As we discussed at this morning's hangout, Jacques took the action to put
together a strawman compatibility points document.  Would it be better to
wait for that document before we debate this further?

-- Zelaine

On Tue, Apr 12, 2016 at 4:39 PM, Jacques Nadeau <[email protected]> wrote:

> I agree with Paul, too. Perfect compatibility would be great. I recognize
> the issues that a version break could cause.  These are some of the issues
> that I believe require a version break to address:
> - Support nulls in lists.
> - Distinguish null maps from empty maps.
> - Distinguish null arrays from empty arrays.
> - Support sparse maps (analogous to Parquet maps instead of our current
> approach analogous to structs in Parquet lingo).
> - Clean up decimal and enable it by default.
> - Support full Avro <> Parquet roundtrip (and Parquet files generated by
> other tools).
> - Enable union type by default.
> - Improve performance execution performance of nullable values.
>
> I think these things need to be addressed in the 2.x line (let's say that
> is ~12 months). This is all about tradeoffs which is why I keep asking
> people to provide concrete impact. If you think at least one of these
> should be resolved, you're arguing for breaking wire compatibility between
> 1.x and 2.x.
>
> So let's get concrete:
>
> - How many users are running multiple clusters and using a single client to
> connect them?
> - What BI tools are most users using? What is the primary driver they are
> using?
> - What BI tools are packaging a Drill driver? If any, what is the update
> process and lead time?
> - How many users are skipping multiple Drill versions (e.g. going from 1.2
> to 1.6)? (Beyond the MapR tick-tock pattern)

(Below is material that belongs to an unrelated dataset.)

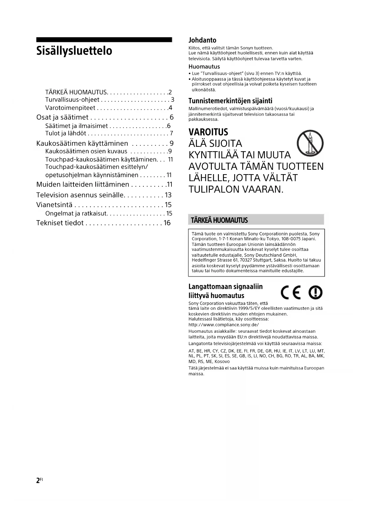 TULIPALON VAARAN. Langattomaan signaaliin liittyvä huomautus Sony Corporation vakuuttaa täten, että tämä laite on direktiivin 1999/5/EY oleellisten vaatimusten ja sitä koskevien direktiivin muiden ehtojen mukainen.Halutessasi lisätietoja, käy osoitteessa:http://www.compliance.sony.de/Huomautus asiakkaille: seuraavat tiedot koskevat ainoastaan laitteita, joita myydään EU:n direktiivejä noudattavissa maissa.Langatonta televisiojärjestelmää voi käyttää seuraavissa maissa: AT, BE, HR, CY, CZ, DK, EE, FI, FR, DE, GR, HU, IE, IT, LV, LT, LU, MT, NL, PL, PT, SK, SI, ES, SE, GB, IS, LI, NO, CH, BG, RO, TR, AL, BA, MK, MD, RS, ME, KosovoTätä järjestelmää ei saa käyttää muissa kuin mainituissa Euroopan maissa.

> - How many users are delaying driver upgrade substantially? Are there
> customers using the 1.0 driver?
> - What is the average number of deployed clients per Drillbit cluster?
>
> These are some of the things that need to be evaluated to determine whether
> we choose to implement a compatibility layer or simply make a full break.

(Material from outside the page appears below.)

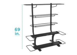 From the top down, this space-efficient Optional Accessories Storage Rack can hold one large yoga ball, one small yoga ball, one Bosu ball, up to four medicine balls or 8 slam balls, and up to 4 foam rollers or rolled mats.
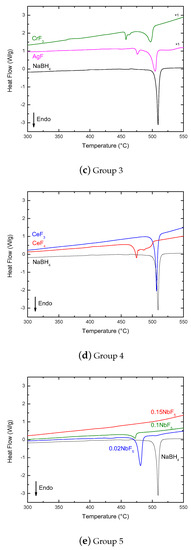 As discussed in Section 2.2.1, DSC-Setaram data of pure NaBH4 showed a strong endothermic event occurring at 509 C that corresponded with melting. Since the Setaram measurements were done in closed SS crucibles (closed system), the decomposition event at higher temperatures was hindered and not seen. The same effect was expected for the samples containing fluoride additives. In Figure 3, the samples are grouped based on DSC-Setaram measurements.

> (And in reality, I'm not sure we have the resources to build and carry a
> complex compatibility layer for these changes.)
>
> Whatever the policy we agree upon for future commitments to the user base,
> we're in a situation where there are very important reasons to move the
> codebase forward and change the wire protocol for 2.x.
>
> I think it is noble to strive towards backwards compatibility. We should
> always do this. However, I also think that--especially early in a product's
> life--it is better to resolve technical debt issues and break a few eggs
> than defer and carry a bunch of extra code around.
>
> Yes, it can suck for users. Luckily, we should also be giving users a bunch
> of positive reasons that it is worth upgrading and dealing with this
> version break. These include better perf, better compatibility with other
> tools, union type support, faster bi tool behaviors and a number of other
> things.
>
> I for one vote for moving forward and making sure that the 2.x branch is
> the highest quality and best version of Drill yet rather than focusing on
> minimizing the upgrade cost. All upgrades are a cost/benefit analysis.

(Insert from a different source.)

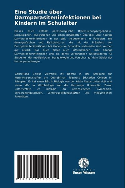 Dieses Buch enthält parasitologische Untersuchungsergebnisse, Diskussionen, Illustrationen und einen detaillierten Überblick über häufige Darmparasiteninfektionen in der Welt, insbesondere in Äthiopien. Die demografischen und Risikofaktoren, die mit der Prävalenz von Darmparasiteninfektionen bei Kindern im Schulalter verbunden sind, werden gut erklärt. Das Buch bietet auch Informationen über häufige Darmparasiteninfektionen und die damit verbundenen Risikofaktoren für Studenten der medizinischen Parasitologie und Forscher auf dem Gebiet der Humanparasitologie.
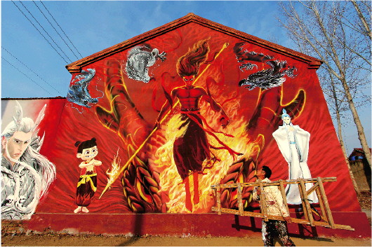 2月20日,淄博市周村区沈家村村民沈靖宇从其创作的哪吒主题墙绘前走过。

> Drill is too young to focus on only minimizing the cost. We should be
> working to make sure the other part of the equation (benefit) is where
> we're spending the vast majority of our time.
>
>
>
> --
> Jacques Nadeau
> CTO and Co-Founder, Dremio
>
> On Tue, Apr 12, 2016 at 3:38 PM, Neeraja Rentachintala <
> [email protected]> wrote:
>
> > I agree with Paul. Great points.
> > I would also add the partners aspect to it. Majority of Drill users use
> it
> > in conjunction with a BI tool.
> >
> >
> > -Neeraja
> >
> > On Tue, Apr 12, 2016 at 3:34 PM, Paul Rogers <[email protected]>
> wrote:
> >
> > > Hi Jacques,
> > >
> > > My two cents…
> > >
> > > The unfortunate reality is that enterprise customers move slowly. There
> > is
> > > a delay in the time it takes for end users to upgrade to a new release.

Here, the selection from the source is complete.